Il peggio: il “governo di alto profilo” di Mattarella. Caro presidente, che autogol! Una delle dichiarazioni del presidente della Repubblica, irrispettosa nei confronti del precedente governo, riguardava la richiesta “a tutte le forze politiche presenti in Parlamento perché conferiscano la fiducia a un governo di alto profilo”. Eviterò di giocare sull’altezza di un ministro, perché non ho amato mai scherzare sull’aspetto fisico delle persone, meno che meno le barzellette a tal proposito, ma non posso ignorare Mariastella Gelmini, ministro per gli affari regionali e le autonomie… Sì, è proprio lei, l’ex ministro della Pubblica Istruzione, probabilmente una delle peggiori della storia repubblicana, la protagonista di una delle più imbarazzanti dichiarazioni di un esponente governativo: “Alla costruzione del tunnel tra il Cern ed i laboratori del Gran Sasso, attraverso il quale si è svolto l’esperimento (quello sui neutrini; ndr), l’Italia ha contribuito con uno stanziamento oggi stimabile intorno ai 45 milioni di euro“. Un tunnel tra l’Abruzzo e la Svizzera, a Meyrin, nei pressi di Ginevra, dove ha sede il Cern, acronimo di Conseil européen pour la recherche nucléaire.

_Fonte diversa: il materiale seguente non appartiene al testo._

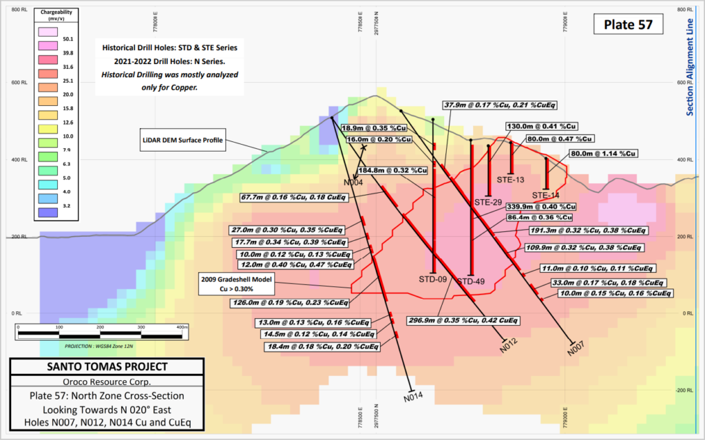 “These drilling results continue to support and guide our exploration campaign and will help the focus on defining the Santo Tomas North Zone” said Richard Lock, Oroco’s CEO.
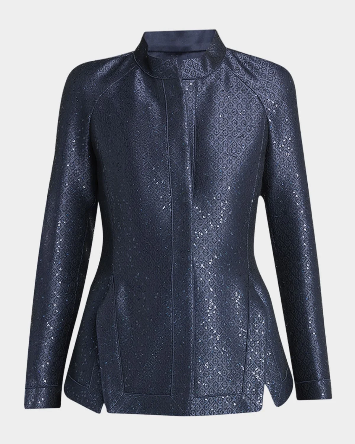- Giorgio Armani evening jacket in sequin jacquard with front hip slits - Band collar; single-breasted front - Long sleeves; unfinished cuffs - Slim fit - Hip length - Concealed button closure - Polyester/viscose - Dry clean - Made in Italy

Dunque, torna Gelmini,  mentre Sergio Costa, uno davvero di alto profilo, un vero competente, ormai ex ministro dell’ambiente e della tutela del territorio e del mare, va a casa.
Il peggio: il governo dei competenti (?): bastava dirlo, si sarebbero eliminati giorni di incontri per il nulla. Si poteva fare un sorteggio tra i ministri dei precedenti governi. Per la serie: Franceschini, il ministro della Cultura meno apprezzato da chi la cultura la fa sul serio, giunto alla sua quarta partecipazione ministeriale, seguito da Brunetta, Carfagna, Di Maio, Gelmini e Giorgetti (tre), Bonetti, Dadone, D’Incà, Garavaglia, Giovannini, Guerini, Lamorgese,  Orlando, Patuanelli, Speranza e Stefani (due).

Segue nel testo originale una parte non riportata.